[TASK]
Leave out the pictures and copy every record exactly.

Collected data entries
================================
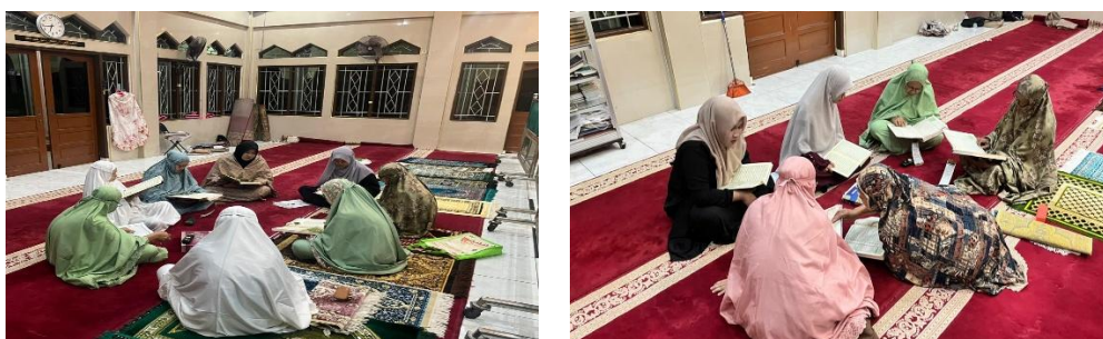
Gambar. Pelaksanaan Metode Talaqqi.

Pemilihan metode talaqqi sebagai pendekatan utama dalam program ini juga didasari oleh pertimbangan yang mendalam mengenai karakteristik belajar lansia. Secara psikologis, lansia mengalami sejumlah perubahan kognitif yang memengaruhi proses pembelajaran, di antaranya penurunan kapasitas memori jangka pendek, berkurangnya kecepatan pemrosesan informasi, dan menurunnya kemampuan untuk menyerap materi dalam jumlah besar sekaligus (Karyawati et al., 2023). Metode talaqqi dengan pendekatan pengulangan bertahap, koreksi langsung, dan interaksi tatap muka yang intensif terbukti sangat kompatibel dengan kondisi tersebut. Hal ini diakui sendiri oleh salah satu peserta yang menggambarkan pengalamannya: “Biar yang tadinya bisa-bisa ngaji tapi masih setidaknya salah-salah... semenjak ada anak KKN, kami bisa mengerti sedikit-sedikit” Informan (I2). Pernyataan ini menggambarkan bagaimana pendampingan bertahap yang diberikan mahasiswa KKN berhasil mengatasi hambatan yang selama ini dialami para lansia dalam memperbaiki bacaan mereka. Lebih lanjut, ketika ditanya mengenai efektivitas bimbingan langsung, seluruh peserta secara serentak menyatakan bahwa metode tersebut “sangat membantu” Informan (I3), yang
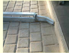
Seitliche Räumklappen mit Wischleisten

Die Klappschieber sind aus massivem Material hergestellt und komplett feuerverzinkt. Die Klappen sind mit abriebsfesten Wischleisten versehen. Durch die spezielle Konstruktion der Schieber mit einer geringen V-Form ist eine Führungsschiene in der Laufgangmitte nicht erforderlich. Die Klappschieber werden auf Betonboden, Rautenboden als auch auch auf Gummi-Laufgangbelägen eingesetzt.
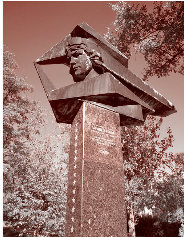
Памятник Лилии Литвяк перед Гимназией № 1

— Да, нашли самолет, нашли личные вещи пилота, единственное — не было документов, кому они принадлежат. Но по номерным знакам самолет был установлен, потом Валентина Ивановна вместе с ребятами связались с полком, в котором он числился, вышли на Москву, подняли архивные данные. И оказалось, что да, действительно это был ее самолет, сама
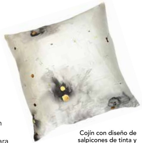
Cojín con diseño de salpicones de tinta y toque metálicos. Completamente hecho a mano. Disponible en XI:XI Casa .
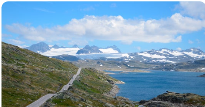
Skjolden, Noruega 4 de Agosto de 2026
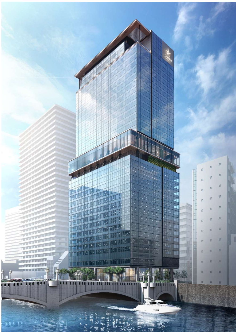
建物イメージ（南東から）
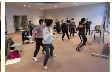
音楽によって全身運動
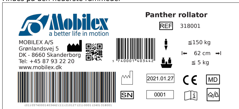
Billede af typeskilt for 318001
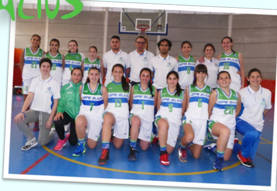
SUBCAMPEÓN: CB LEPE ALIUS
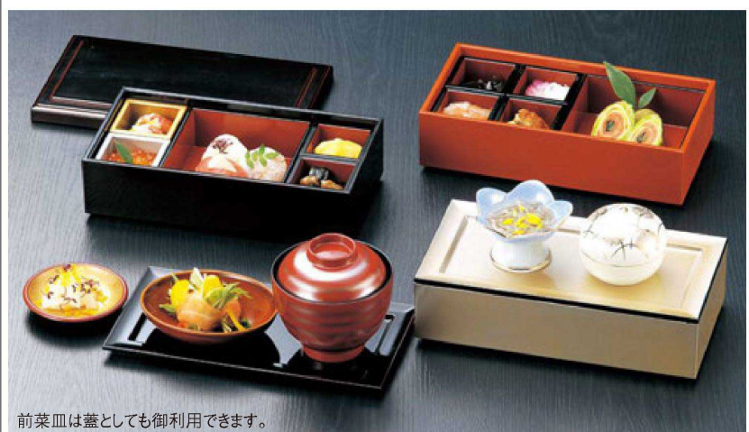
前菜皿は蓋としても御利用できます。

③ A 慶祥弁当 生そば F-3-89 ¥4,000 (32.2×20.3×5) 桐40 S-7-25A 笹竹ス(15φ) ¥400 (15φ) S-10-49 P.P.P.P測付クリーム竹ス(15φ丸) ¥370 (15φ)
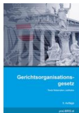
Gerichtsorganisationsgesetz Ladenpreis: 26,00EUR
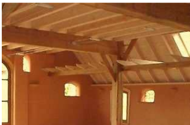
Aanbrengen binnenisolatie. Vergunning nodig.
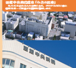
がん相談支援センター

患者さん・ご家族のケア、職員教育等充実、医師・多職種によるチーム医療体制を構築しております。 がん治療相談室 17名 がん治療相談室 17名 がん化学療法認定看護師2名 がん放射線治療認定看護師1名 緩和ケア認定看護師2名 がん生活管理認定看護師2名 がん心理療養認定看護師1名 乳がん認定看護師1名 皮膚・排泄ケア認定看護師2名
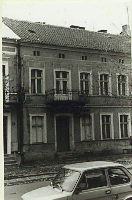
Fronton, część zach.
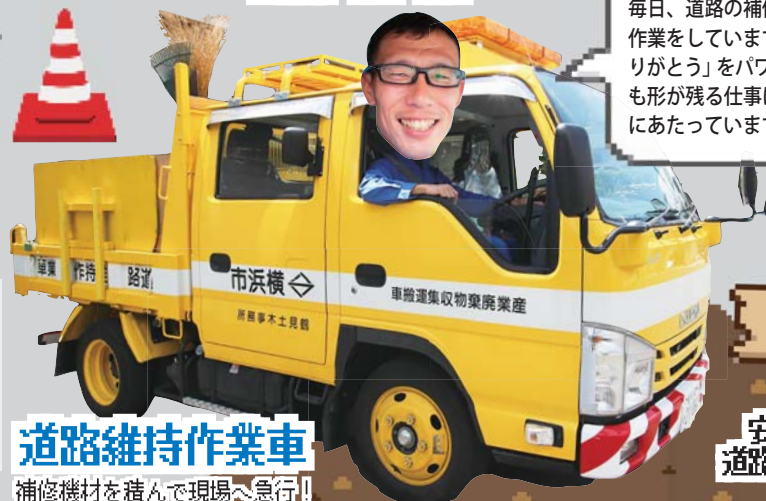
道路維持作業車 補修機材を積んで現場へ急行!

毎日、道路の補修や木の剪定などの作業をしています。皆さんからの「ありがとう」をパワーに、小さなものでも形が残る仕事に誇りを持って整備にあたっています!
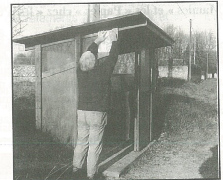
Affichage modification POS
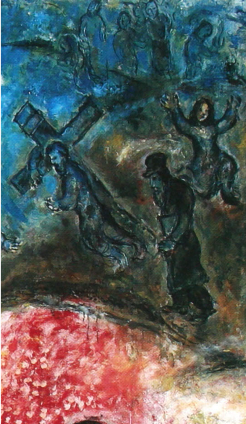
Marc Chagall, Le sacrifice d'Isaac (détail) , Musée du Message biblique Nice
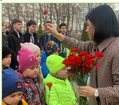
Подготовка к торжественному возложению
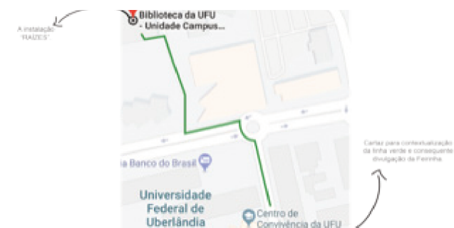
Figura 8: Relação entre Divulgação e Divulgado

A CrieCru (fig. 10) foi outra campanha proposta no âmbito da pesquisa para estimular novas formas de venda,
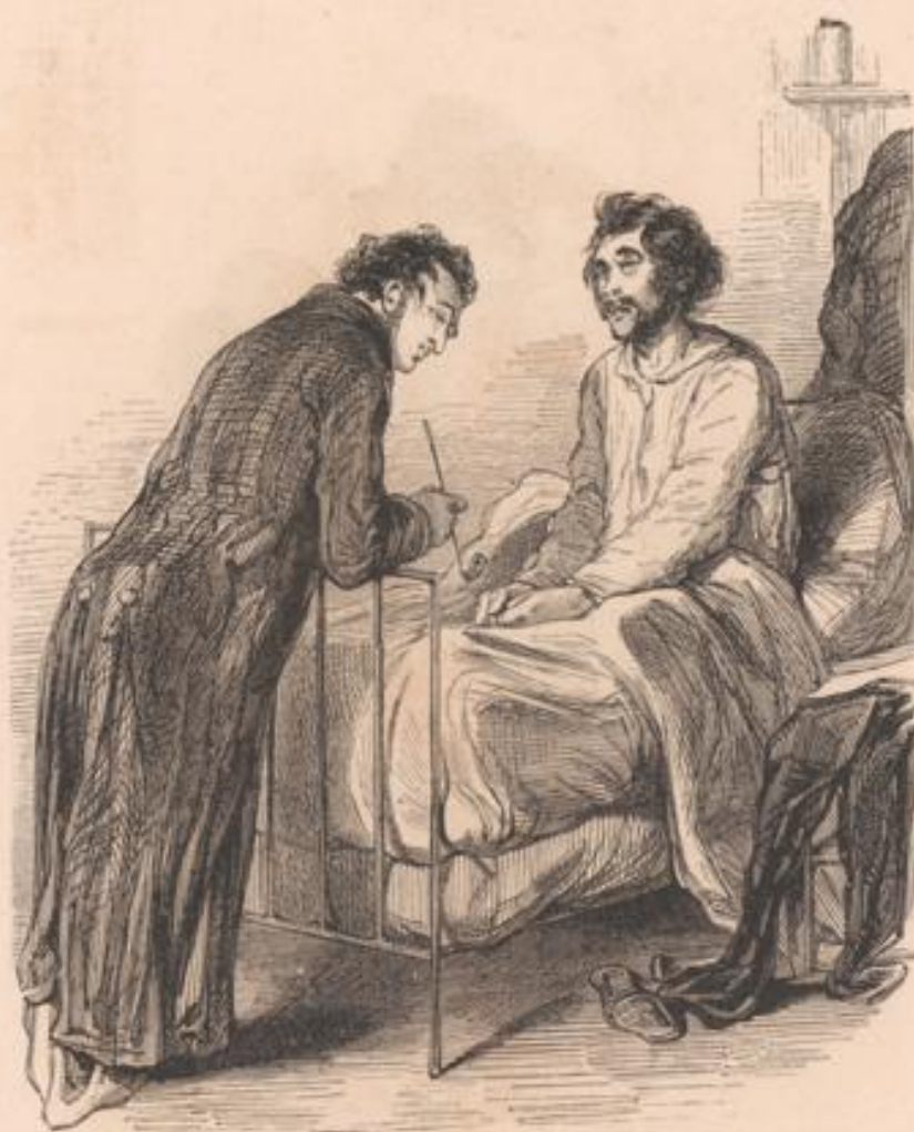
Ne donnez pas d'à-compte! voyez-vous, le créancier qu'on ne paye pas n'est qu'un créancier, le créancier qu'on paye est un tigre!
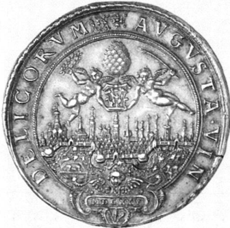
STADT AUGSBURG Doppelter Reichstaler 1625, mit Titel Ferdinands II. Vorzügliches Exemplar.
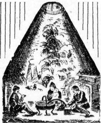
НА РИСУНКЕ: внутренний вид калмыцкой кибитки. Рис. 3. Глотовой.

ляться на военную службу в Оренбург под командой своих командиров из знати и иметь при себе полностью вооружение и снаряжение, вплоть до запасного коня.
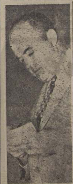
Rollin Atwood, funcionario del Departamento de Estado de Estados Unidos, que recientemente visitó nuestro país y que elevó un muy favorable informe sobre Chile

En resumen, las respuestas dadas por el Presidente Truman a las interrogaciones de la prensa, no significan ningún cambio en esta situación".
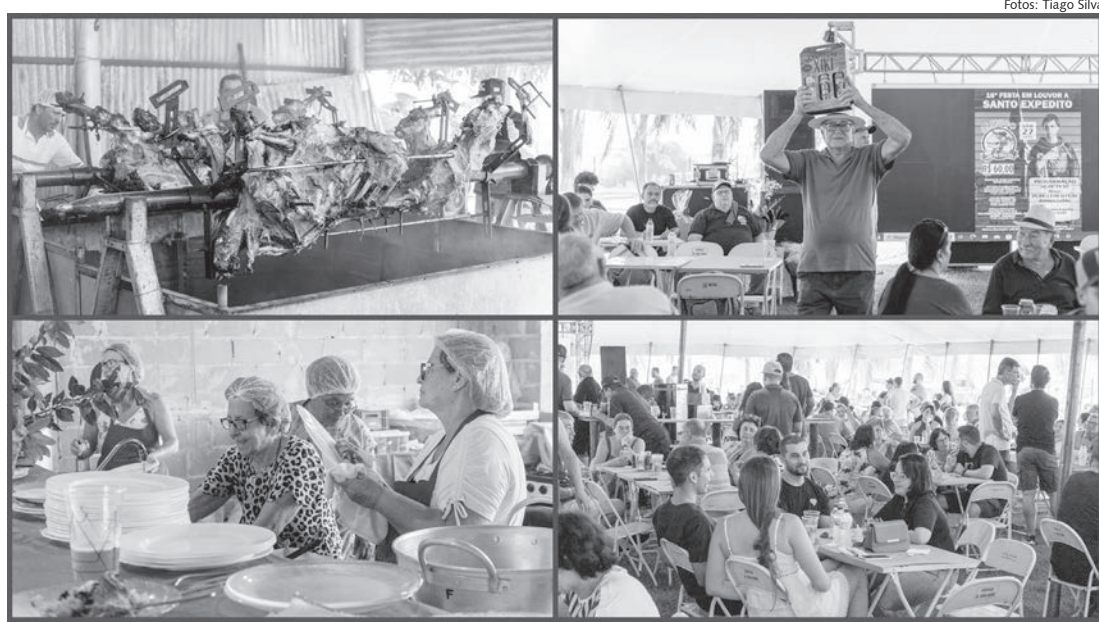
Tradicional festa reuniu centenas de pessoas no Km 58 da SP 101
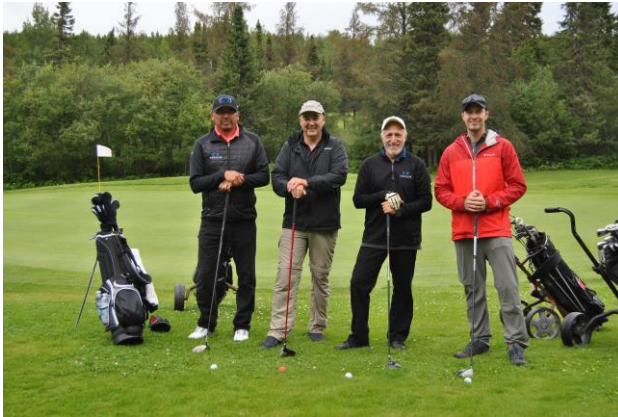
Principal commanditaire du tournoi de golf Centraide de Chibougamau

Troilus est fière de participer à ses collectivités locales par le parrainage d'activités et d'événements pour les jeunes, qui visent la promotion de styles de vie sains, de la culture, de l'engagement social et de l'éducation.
================================
[TASK SOLUTION]
Gambar. Pelaksanaan Metode Talaqqi.

Pemilihan metode talaqqi sebagai pendekatan utama dalam program ini juga didasari oleh pertimbangan yang mendalam mengenai karakteristik belajar lansia. Secara psikologis, lansia mengalami sejumlah perubahan kognitif yang memengaruhi proses pembelajaran, di antaranya penurunan kapasitas memori jangka pendek, berkurangnya kecepatan pemrosesan informasi, dan menurunnya kemampuan untuk menyerap materi dalam jumlah besar sekaligus (Karyawati et al., 2023). Metode talaqqi dengan pendekatan pengulangan bertahap, koreksi langsung, dan interaksi tatap muka yang intensif terbukti sangat kompatibel dengan kondisi tersebut. Hal ini diakui sendiri oleh salah satu peserta yang menggambarkan pengalamannya: “Biar yang tadinya bisa-bisa ngaji tapi masih setidaknya salah-salah... semenjak ada anak KKN, kami bisa mengerti sedikit-sedikit” Informan (I2). Pernyataan ini menggambarkan bagaimana pendampingan bertahap yang diberikan mahasiswa KKN berhasil mengatasi hambatan yang selama ini dialami para lansia dalam memperbaiki bacaan mereka. Lebih lanjut, ketika ditanya mengenai efektivitas bimbingan langsung, seluruh peserta secara serentak menyatakan bahwa metode tersebut “sangat membantu” Informan (I3), yang
Seitliche Räumklappen mit Wischleisten

Die Klappschieber sind aus massivem Material hergestellt und komplett feuerverzinkt. Die Klappen sind mit abriebsfesten Wischleisten versehen. Durch die spezielle Konstruktion der Schieber mit einer geringen V-Form ist eine Führungsschiene in der Laufgangmitte nicht erforderlich. Die Klappschieber werden auf Betonboden, Rautenboden als auch auch auf Gummi-Laufgangbelägen eingesetzt.
Памятник Лилии Литвяк перед Гимназией № 1

— Да, нашли самолет, нашли личные вещи пилота, единственное — не было документов, кому они принадлежат. Но по номерным знакам самолет был установлен, потом Валентина Ивановна вместе с ребятами связались с полком, в котором он числился, вышли на Москву, подняли архивные данные. И оказалось, что да, действительно это был ее самолет, сама
Cojín con diseño de salpicones de tinta y toque metálicos. Completamente hecho a mano. Disponible en XI:XI Casa .
Skjolden, Noruega 4 de Agosto de 2026
建物イメージ（南東から）
音楽によって全身運動
Billede af typeskilt for 318001
SUBCAMPEÓN: CB LEPE ALIUS
前菜皿は蓋としても御利用できます。

③ A 慶祥弁当 生そば F-3-89 ¥4,000 (32.2×20.3×5) 桐40 S-7-25A 笹竹ス(15φ) ¥400 (15φ) S-10-49 P.P.P.P測付クリーム竹ス(15φ丸) ¥370 (15φ)
Gerichtsorganisationsgesetz Ladenpreis: 26,00EUR
Aanbrengen binnenisolatie. Vergunning nodig.
がん相談支援センター

患者さん・ご家族のケア、職員教育等充実、医師・多職種によるチーム医療体制を構築しております。 がん治療相談室 17名 がん治療相談室 17名 がん化学療法認定看護師2名 がん放射線治療認定看護師1名 緩和ケア認定看護師2名 がん生活管理認定看護師2名 がん心理療養認定看護師1名 乳がん認定看護師1名 皮膚・排泄ケア認定看護師2名
Fronton, część zach.
道路維持作業車 補修機材を積んで現場へ急行!

毎日、道路の補修や木の剪定などの作業をしています。皆さんからの「ありがとう」をパワーに、小さなものでも形が残る仕事に誇りを持って整備にあたっています!
Affichage modification POS
Marc Chagall, Le sacrifice d'Isaac (détail) , Musée du Message biblique Nice
Подготовка к торжественному возложению
Figura 8: Relação entre Divulgação e Divulgado

A CrieCru (fig. 10) foi outra campanha proposta no âmbito da pesquisa para estimular novas formas de venda,
Ne donnez pas d'à-compte! voyez-vous, le créancier qu'on ne paye pas n'est qu'un créancier, le créancier qu'on paye est un tigre!
STADT AUGSBURG Doppelter Reichstaler 1625, mit Titel Ferdinands II. Vorzügliches Exemplar.
НА РИСУНКЕ: внутренний вид калмыцкой кибитки. Рис. 3. Глотовой.

ляться на военную службу в Оренбург под командой своих командиров из знати и иметь при себе полностью вооружение и снаряжение, вплоть до запасного коня.
Rollin Atwood, funcionario del Departamento de Estado de Estados Unidos, que recientemente visitó nuestro país y que elevó un muy favorable informe sobre Chile

En resumen, las respuestas dadas por el Presidente Truman a las interrogaciones de la prensa, no significan ningún cambio en esta situación".
Tradicional festa reuniu centenas de pessoas no Km 58 da SP 101
Principal commanditaire du tournoi de golf Centraide de Chibougamau

Troilus est fière de participer à ses collectivités locales par le parrainage d'activités et d'événements pour les jeunes, qui visent la promotion de styles de vie sains, de la culture, de l'engagement social et de l'éducation.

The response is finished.